Вот бы нам сказали: «Огонь!» По костелу и, значит, по хатам, где попрятались их жители, и женщины, должно быть, сидели, прилепив к себе своих малолеток, еще вчера безбедно гонявших по улицам, встречавших с хворостинами стадо, чтобы развести коров по дворам… «Огонь!» По матерям, по детям?
Пулемет вдруг затих. Станислав и Примак, на миг исчезнув из поля зрения, появились в центре лужайки, где, наверно, после молитвы обычно сплетничали прихожане. Станислав сложил рупором ладони у рта и прокричал вверх все, что велел майор Влох. Ответом ему был одинокий выстрел. Мы вздрогнули, опасаясь и за своего старшину и за Станислава, но они постояли и скрылись в костеле. А потом старшина Примак выглянул из проема колокольни и замахал оттуда пилоткой, закрутил рукою.
— Коня! — приказал майор Влох.
Он поскакал к колокольне, возвращая по пути стройность колонне, потому что начали вытягиваться орудия из закоулков, выезжать подводы и фуры со снарядами из-за плетней.
Безусый бандит у пулемета на колокольне застрелился.
— Чей он сын? — спросил майор Влох. — Пусть возьмут. Никто не спешил прийти за ним.
— Он был один? — спросил я Станислава, когда мы тронулись.
— Я думаю, их было трое. Но двое убежали.
— А почему трое?
— Около того леса, где мы прошли, трех коней хлопчик пас. Я думаю, это были их кони.
— Зачем же было пасти у того леса. Чудак!
— Нет, пан. Не чудак. Убегать лучше туда, где армии уже нет, откуда она ушла, а не туда, куда она идет. Это раз.
— Он же на наших глазах пас! — перебил я.
— Так на глазах прятаться легче! Это же бандитская натура. Пасет хлопчик коней, и все. А потом сели и — гей! Это второе.
Станислав раскатывал в пальцах папироску, которую ссудил ему Семен Агейко. Он разглядывал ее с обоих концов: папирос в Польше не делали, курили только сигареты.
— Что же они бросили… этого? — допытывался я.
— Может быть, он раньше, чем надо, открыл огонь. Может, поругались. Может, перепугались, как увидели пушки, убежали. Кто знает! Бандиты и между собой не люди, а бандиты. Бросили!
В тот день на стене костела мы увидели листовку, которую старшина Примак содрал клочками, но и в других селах нам стали попадаться такие же листовки, напечатанные на толстой серой бумаге типографским способом — вот что нас поражало! — с жирными строчками, обещавшими свободу и богатство. Ради них приказывалось населению ломать мосты, прятать и сжигать продовольствие, бить в спину Красной Армии. Было напечатано — «бегущей». И подпись всюду была одна: «Степан Бандера».

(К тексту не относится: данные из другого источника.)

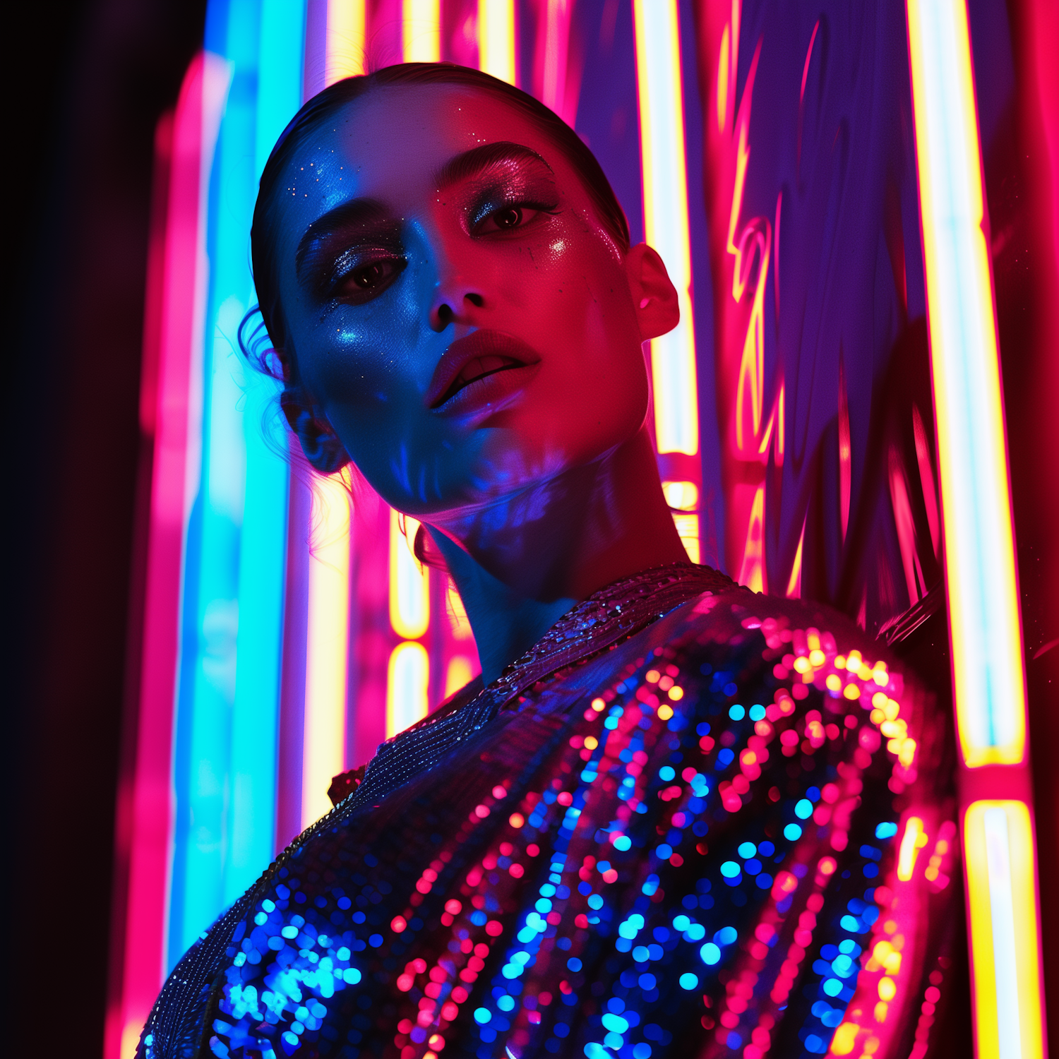 Woman in sequined outfit illuminated by vibrant neon lights, creating a futuristic and dazzling effect with bold makeup and slicked-back hair.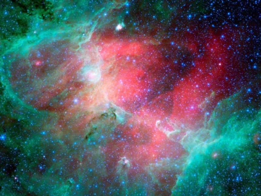 この画像を大きなサイズで見るハッブ宇宙望遠鏡で撮影すると可視光の高温のイオン化ガスが強調され、赤外線望遠鏡で撮影すると低温の塵や分子ガスが強調される。同じ星雲でも、見る光の種類が違うと見え方が大きく変わる。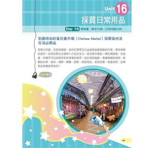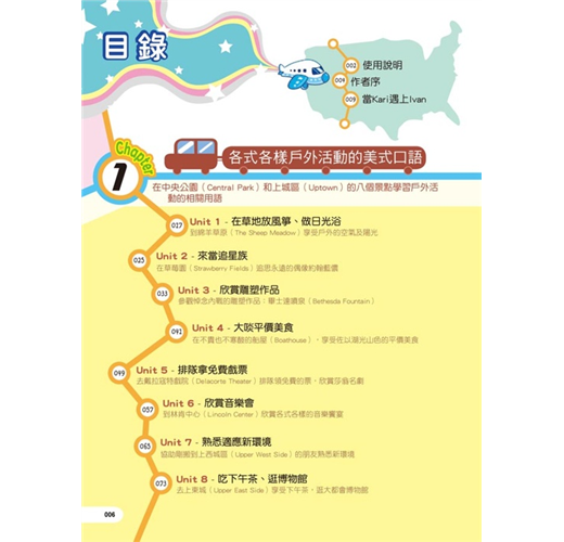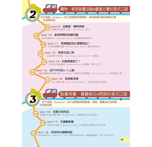 嚴選29個紐約特色景點,帶出29個不同日常生活情境,從點餐、用餐、購物,乃至參與戶外活動或節日慶典,甚至現場看比賽,日常生活中所有大小情境,都完整收錄。讓你一年365天,天天脫口而出道地美式口語。
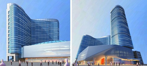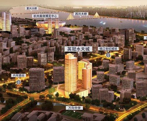 英冠水天城地处钱江世纪城E-11地块,东临广场路,西南临公园东路,北临盈丰中心小学,区域位置比邻奥体中心。根据任务书要求,建成后的英冠水天城将集五星级酒店、甲级写字楼、精品商业于一体,在如此众多的外部条件下,城市建筑综合体的概念便应运而生。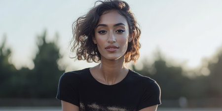 A woman with curly hair stands confidently outdoors during sunset wearing a casual black shirt. The soft light enhances her features against a blurred nature background.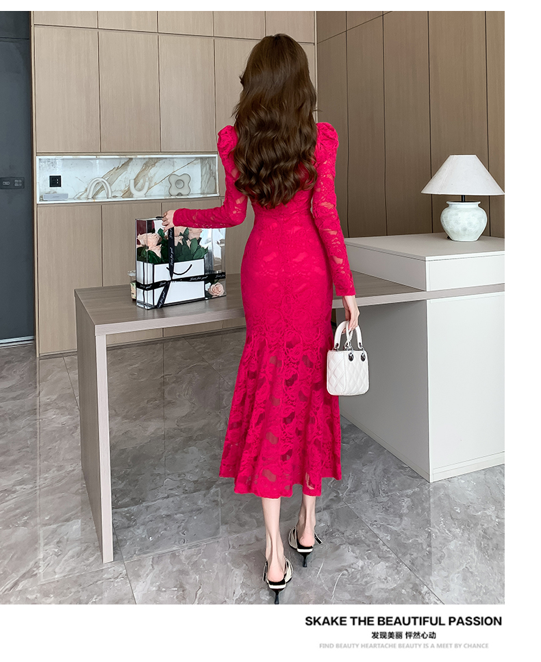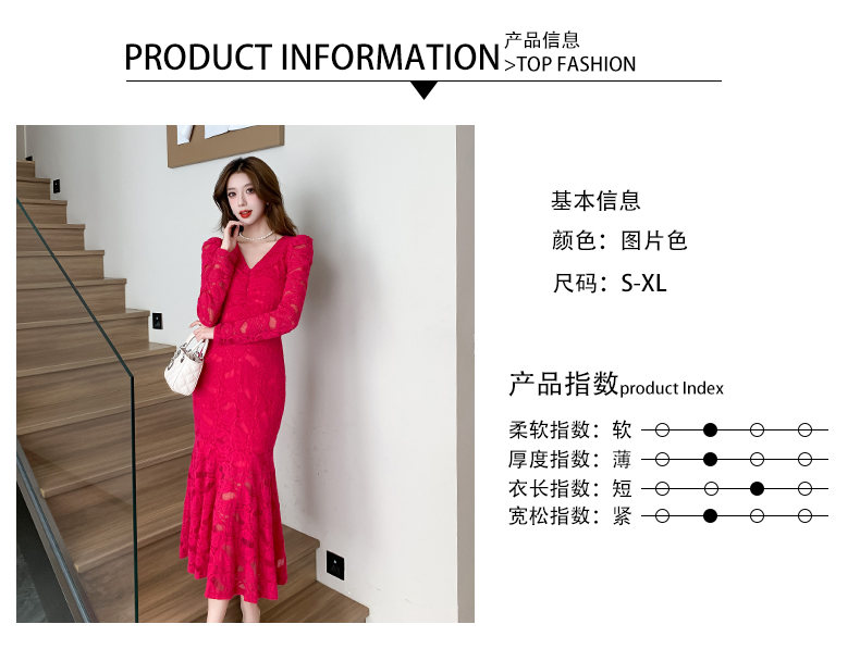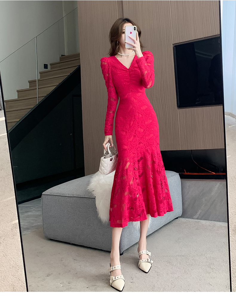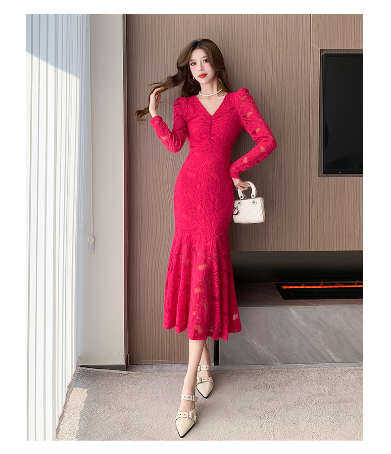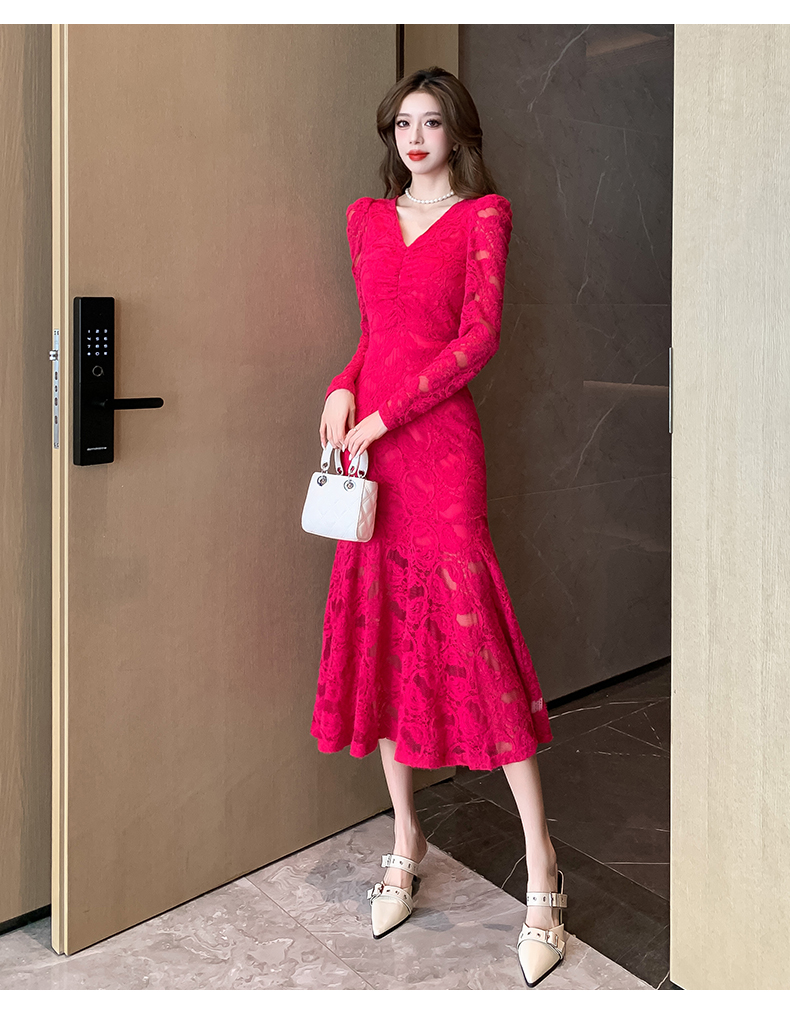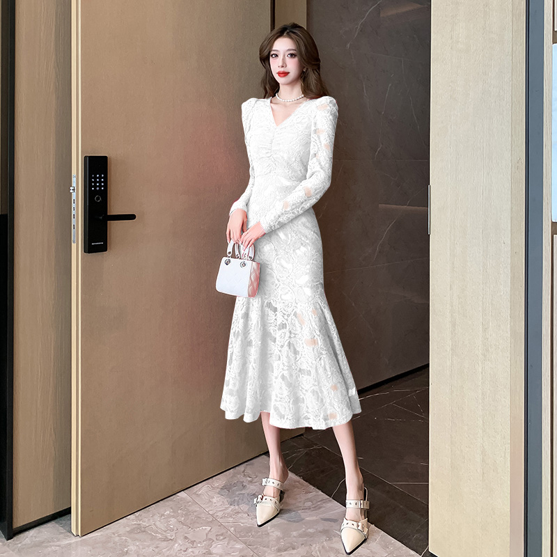 MY13862# 女裝貨源新款蕾丝V领长袖收腰显瘦包臀鱼尾连衣长裙女裝貨源服裝批發服裝批發

Впервые мы встретились с этим именем на стене костела.
— А ксендз? Он тоже бандит? Знал он про пулемет или нет?
— Может, и знал. А может, и не знал. Они ксендза не спрашивали, пустит ли он их на колокольню. Для них Бандера — ксендз.
— Кто такой этот Бандера?
— Разве ж я знаю? Завтра придет сюда, станет главным.
«И Бандере будет конец», — подумал я, но ничего не сказал Станиславу, чтобы не показаться ему пустым самохвалом, потому что конец Бандере, как было видно, наступит не завтра…
…Назавтра мы вступили в Борислав. Внезапно там и тут начали возникать пожары, и скоро город горел, с треском пылал, расстилая по небу черные дымы от факелов нефтяных вышек. Дымы свивались, отрывались от пламени, но не отлетали далеко, а пухли, наворачивались, смешивались в сплошную завесу сажи. И треск надвигался со всех окраин города. Он горел весь.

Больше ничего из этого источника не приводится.